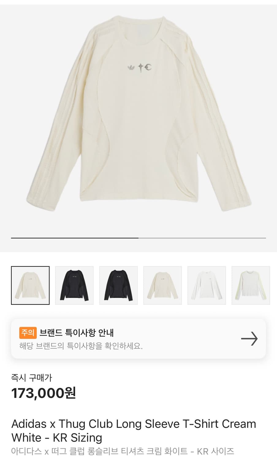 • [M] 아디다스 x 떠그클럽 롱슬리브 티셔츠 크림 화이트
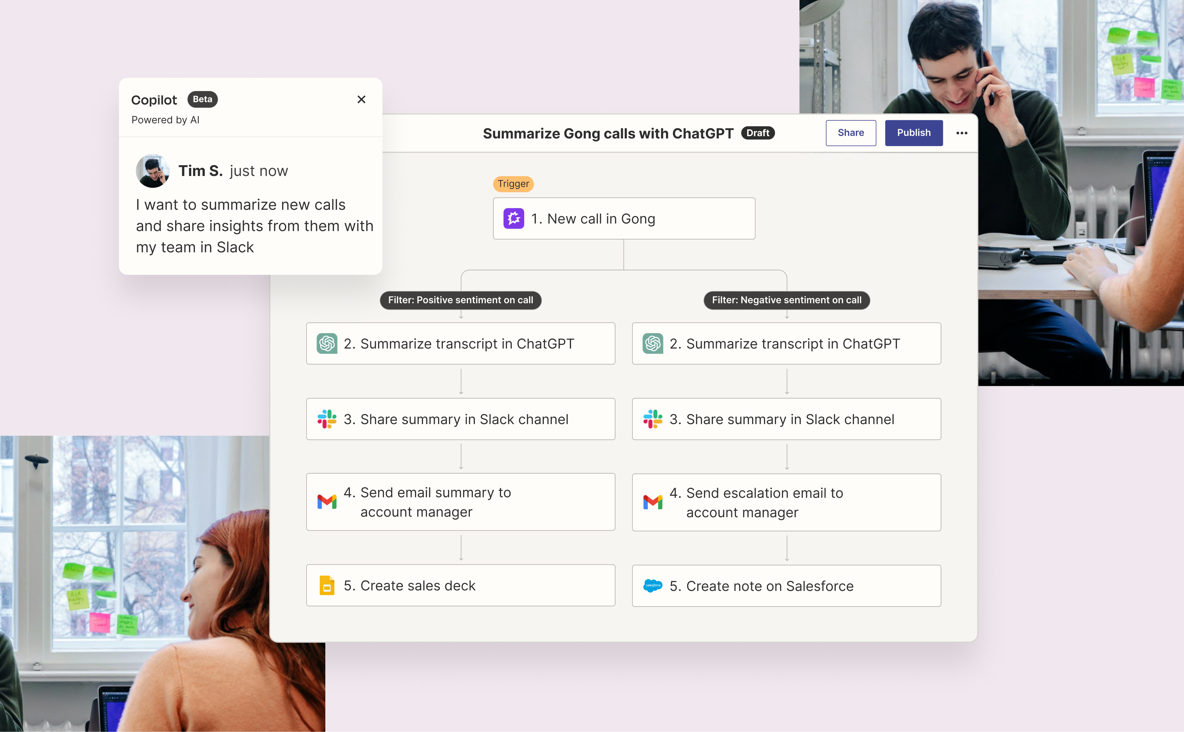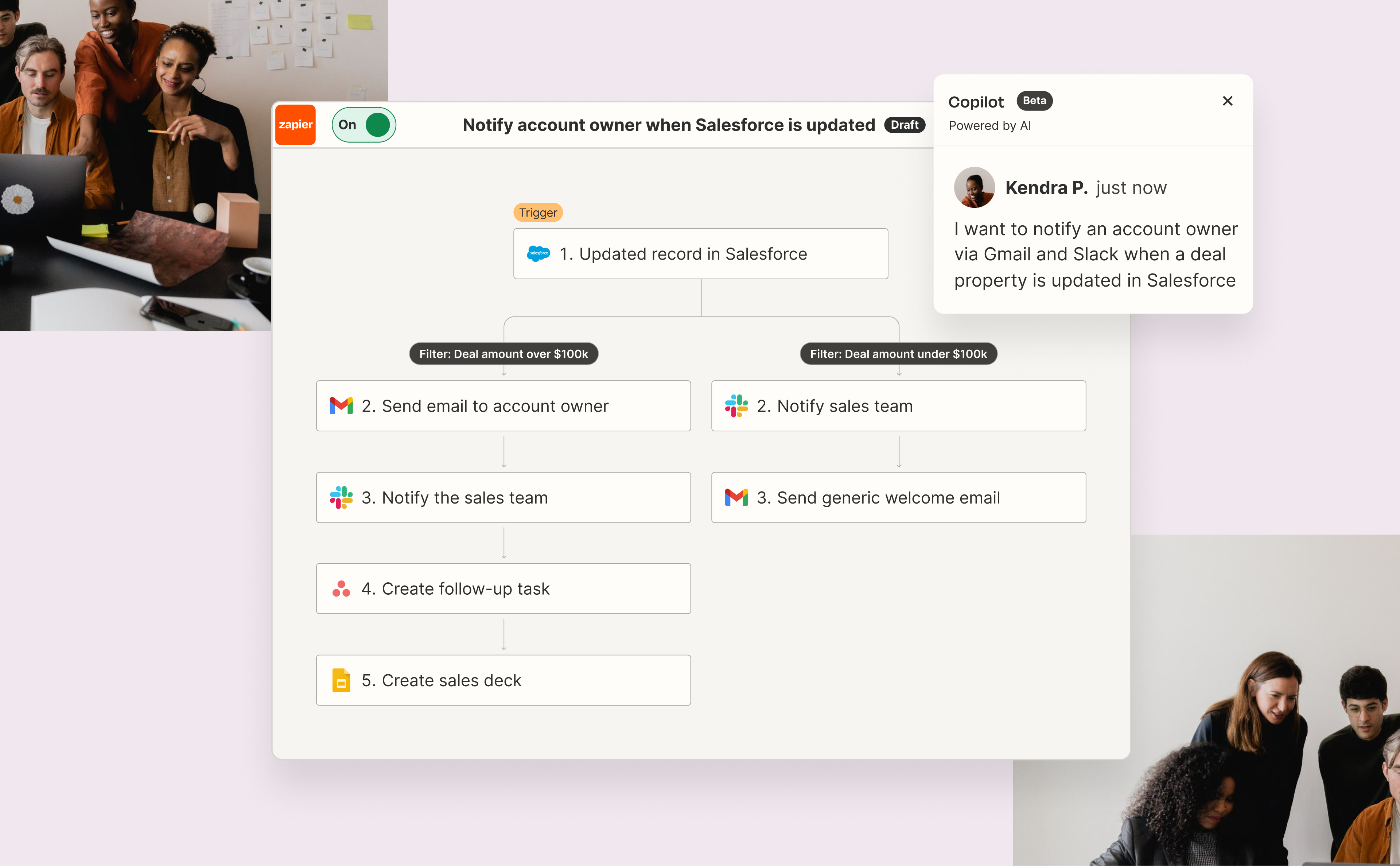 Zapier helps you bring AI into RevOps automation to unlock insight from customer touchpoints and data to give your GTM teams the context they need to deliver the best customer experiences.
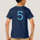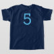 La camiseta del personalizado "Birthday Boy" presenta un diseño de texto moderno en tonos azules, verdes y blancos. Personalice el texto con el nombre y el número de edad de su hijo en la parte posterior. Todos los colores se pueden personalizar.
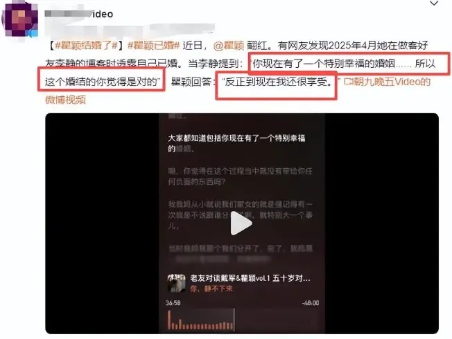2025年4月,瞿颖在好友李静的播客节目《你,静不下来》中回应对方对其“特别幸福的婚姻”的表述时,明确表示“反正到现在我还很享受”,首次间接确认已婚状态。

--

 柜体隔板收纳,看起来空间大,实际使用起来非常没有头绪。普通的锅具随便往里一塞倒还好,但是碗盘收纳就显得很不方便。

* * *

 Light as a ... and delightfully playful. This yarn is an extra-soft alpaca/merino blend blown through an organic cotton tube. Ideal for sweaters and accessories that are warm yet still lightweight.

**ABOUT THIS TASK**
Above are some entries. Restate word for word the lines from the one holding "롱슬리브 티셔츠 크림 화이트" through the one holding "2025年4月,瞿颖在好友李", but not the pictures.

**ANSWER BOX**
 • [M] 아디다스 x 떠그클럽 롱슬리브 티셔츠 크림 화이트
 Zapier helps you bring AI into RevOps automation to unlock insight from customer touchpoints and data to give your GTM teams the context they need to deliver the best customer experiences.
 La camiseta del personalizado "Birthday Boy" presenta un diseño de texto moderno en tonos azules, verdes y blancos. Personalice el texto con el nombre y el número de edad de su hijo en la parte posterior. Todos los colores se pueden personalizar.
2025年4月,瞿颖在好友李静的播客节目《你,静不下来》中回应对方对其“特别幸福的婚姻”的表述时,明确表示“反正到现在我还很享受”,首次间接确认已婚状态。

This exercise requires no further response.